What is needed: Give back exactly the lines from the "Kamyon kabininde yapılan" line to the final line of the records, and only those, minus any pictures.

*** Block opens ***

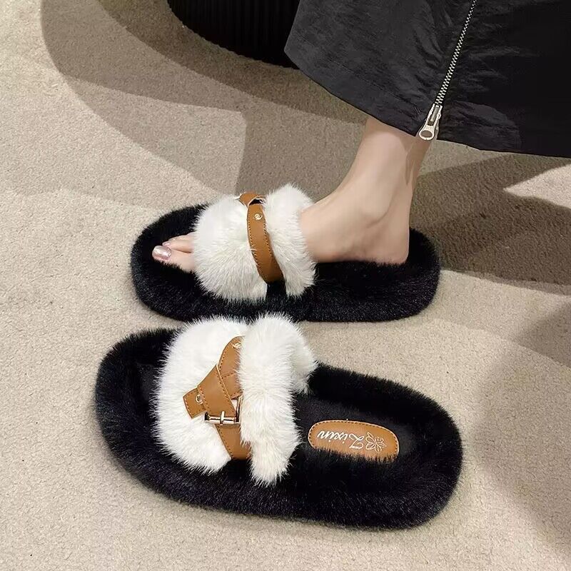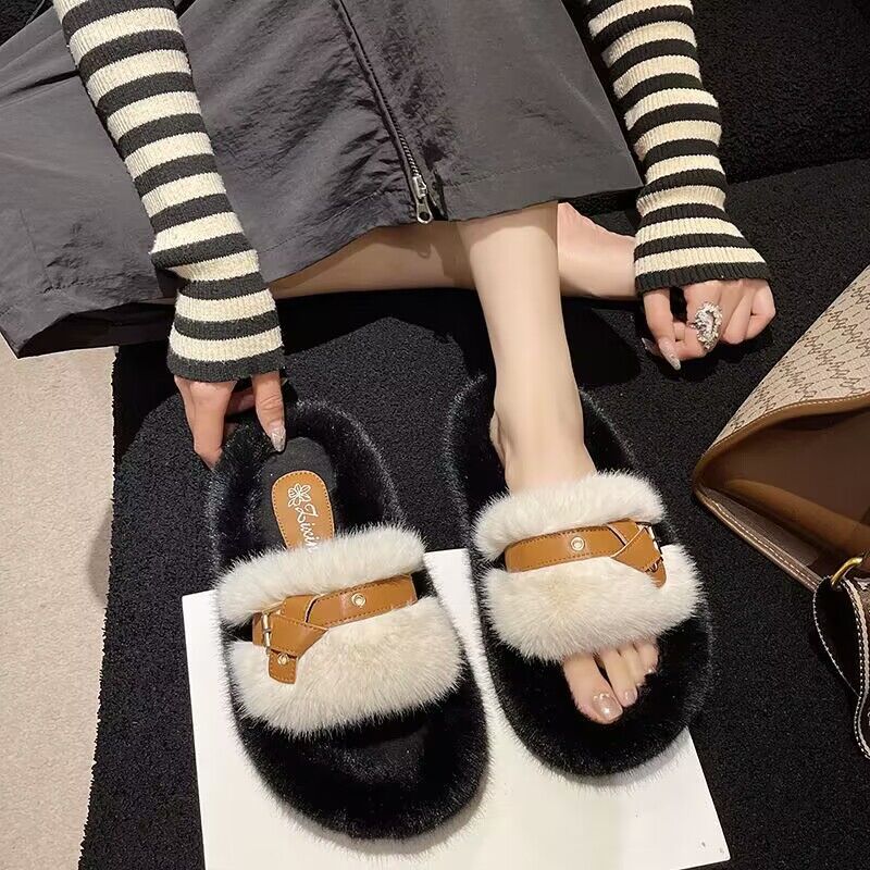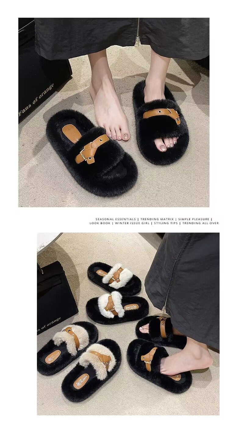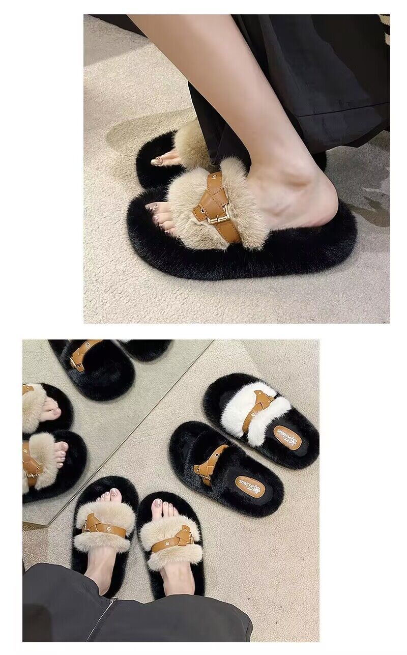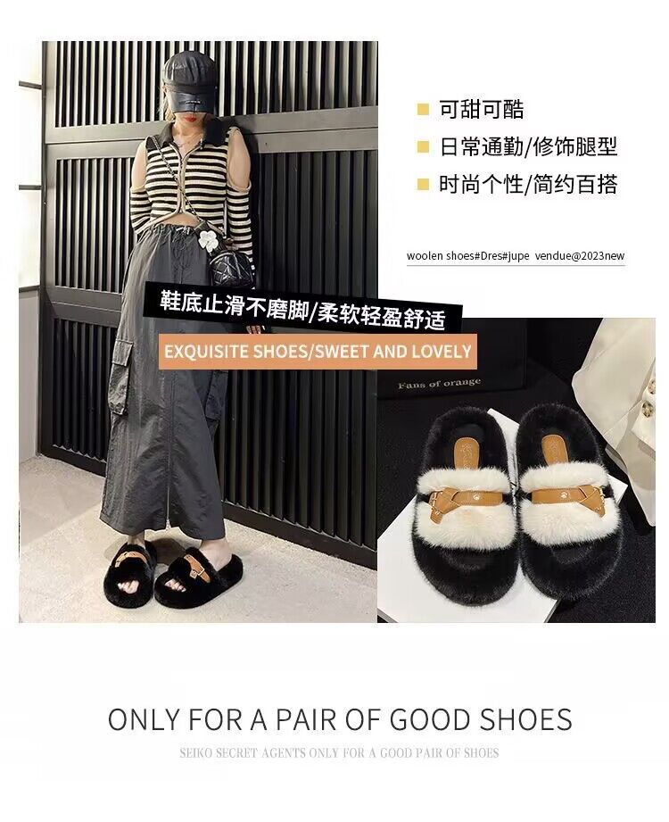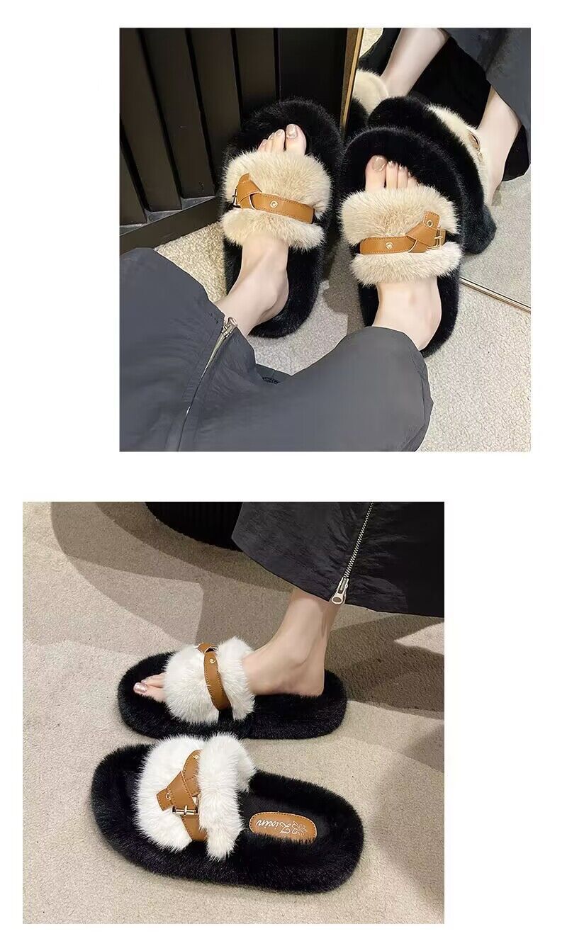 【ins超火❗️仙女风时尚保暖拖鞋】新款网红气质毛毛绒厚底拖鞋女,材质更柔软内里更舒适,2025居家用时尚学生秋冬棉拖鞋外穿L
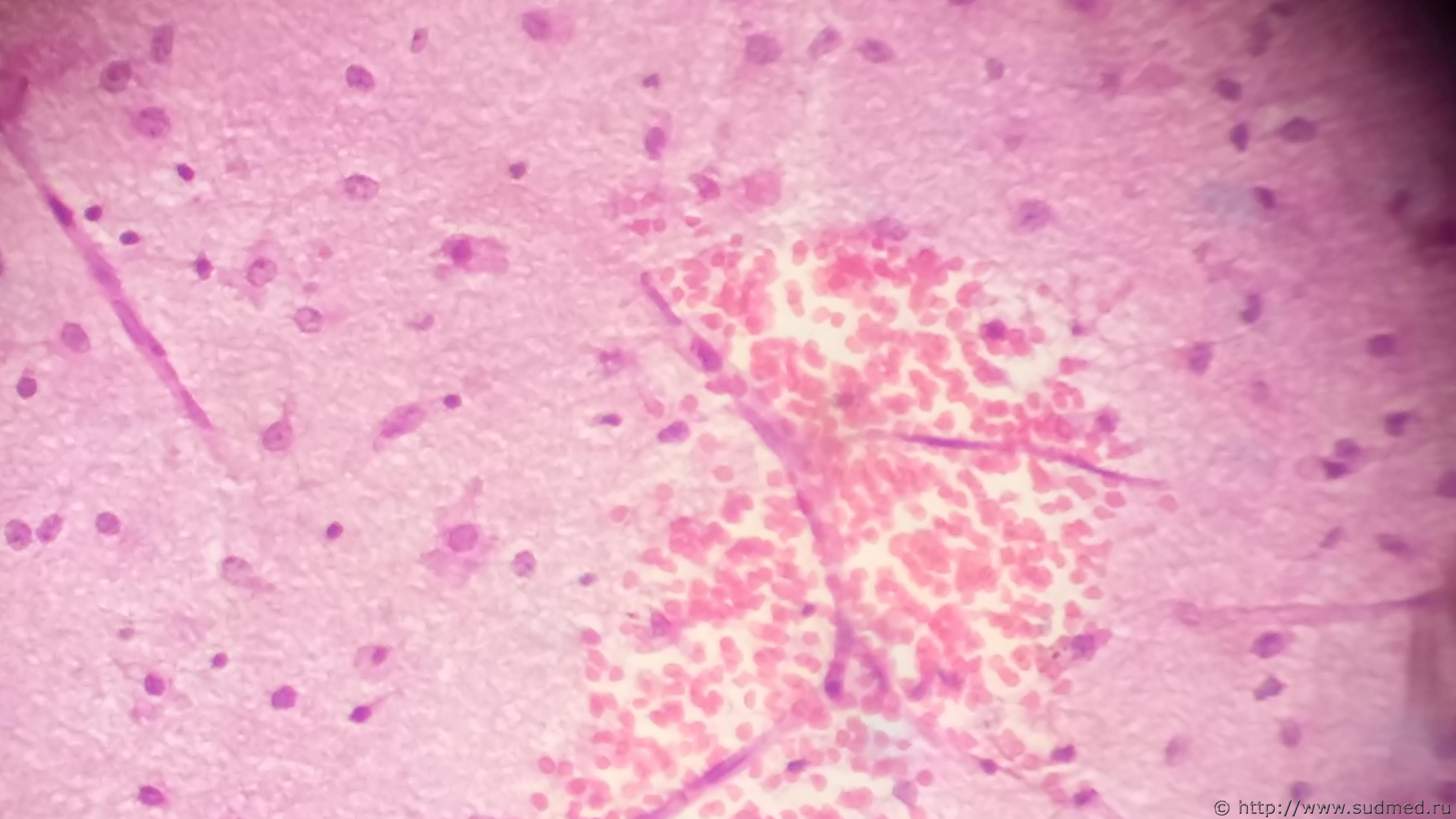 Новорожденный , жил 3 дня. После родов получил травму головы в неизвестных обстоятельствах. Ушиб головного мозга. В мягкой ткани головы затылочно-теменной области кровоподтеки 3х4см. Осложнение ДВС-синдром . Кровоизлияние в головном мозге, геморрагии в алвеолах с аспирацией в просвет бронхов.
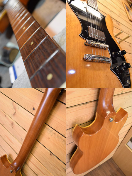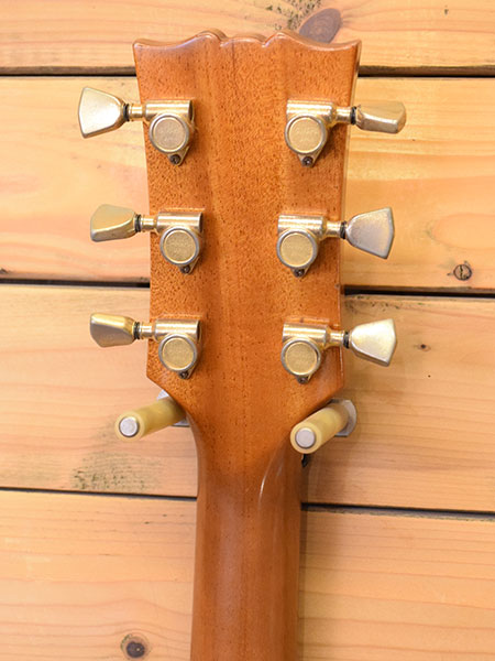 1974年製。フラットトップボディーにアイボリーのセルを巻いたSG-70です。ボディー材にはナトーが採用されネックはアフリカンマホガニーにローズ指板の組み合わせとなっております。乾いた鳴りの良い印象のモデルです。ペグが80年代のYAMAHA製に交換されている以外はオリジナルコンディションを保った個体。フレットはかなり低く大凡3分山程の残量となっております(高さは0.6mm程。ビビリや音詰まりはございません)。ボディーサイドに打痕、リアのTONEノブにカケがございますが年式の割に綺麗な個体でございます。お探しだった方は是非この機会に! 付属品:汎用ソフトケース。
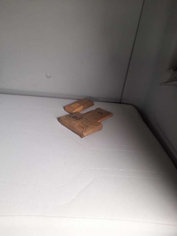 Kamyon kabininde yapılan kontrolde, gümrük görevlileri sürücü koltuğunun arkasındaki yatağa paketlenmiş bir şekilde yastığın altına bantla sarılmış üç paket buldu.
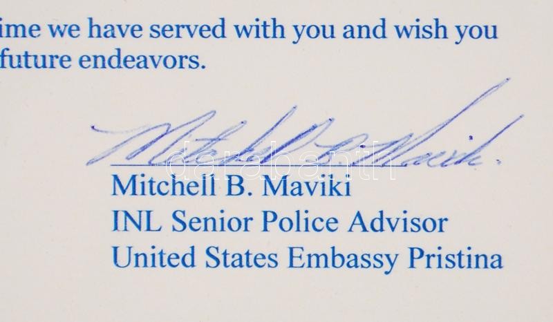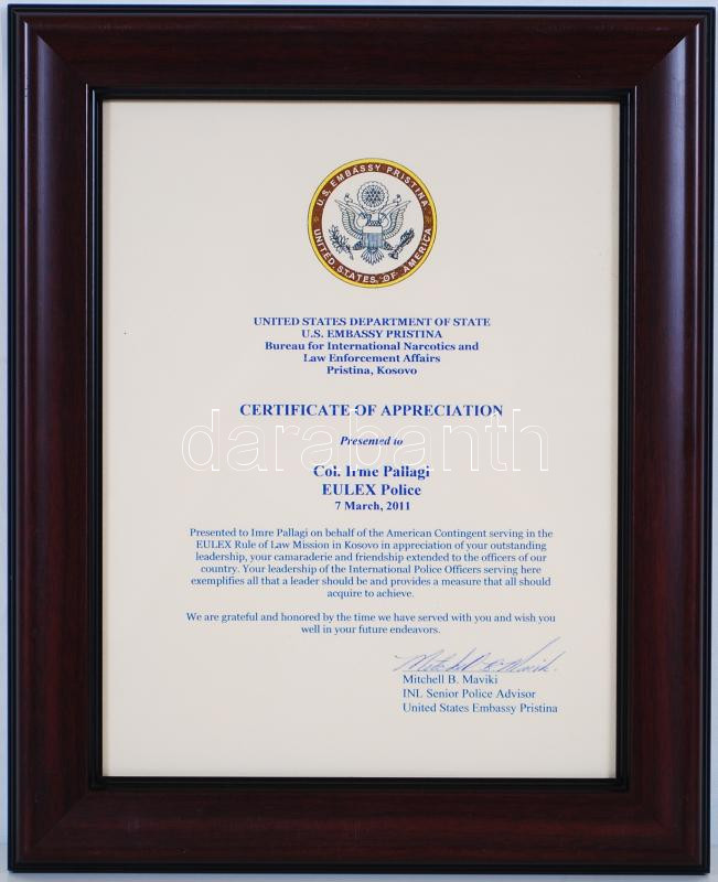 Beschreibung: 2011 Pristina, USA nagykövet által aláírt certifikáció Pallagi Imre számára, üvegezett keretben, 33×27 cm
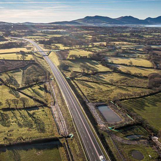 The Caernarfon and Bontnewydd bypass statistics are impressive: it is a £139m project; 93% of the workforce are from North Wales; 36 graduates and apprentices are employed on it, as well as 15 on work experience; the lane extends 9.8km (6 miles) from Plas Menai Roundabout to the Goat Roundabout; three new roundabouts have been constructed at Meifod, Cibyn and Bethel; it is the largest highway scheme in North Wales, and approximately 170,000 trees have been planted, as well as 20km of new hedgerows.

*** Block closes ***

Written answer:
 Kamyon kabininde yapılan kontrolde, gümrük görevlileri sürücü koltuğunun arkasındaki yatağa paketlenmiş bir şekilde yastığın altına bantla sarılmış üç paket buldu.
 Beschreibung: 2011 Pristina, USA nagykövet által aláírt certifikáció Pallagi Imre számára, üvegezett keretben, 33×27 cm
 The Caernarfon and Bontnewydd bypass statistics are impressive: it is a £139m project; 93% of the workforce are from North Wales; 36 graduates and apprentices are employed on it, as well as 15 on work experience; the lane extends 9.8km (6 miles) from Plas Menai Roundabout to the Goat Roundabout; three new roundabouts have been constructed at Meifod, Cibyn and Bethel; it is the largest highway scheme in North Wales, and approximately 170,000 trees have been planted, as well as 20km of new hedgerows.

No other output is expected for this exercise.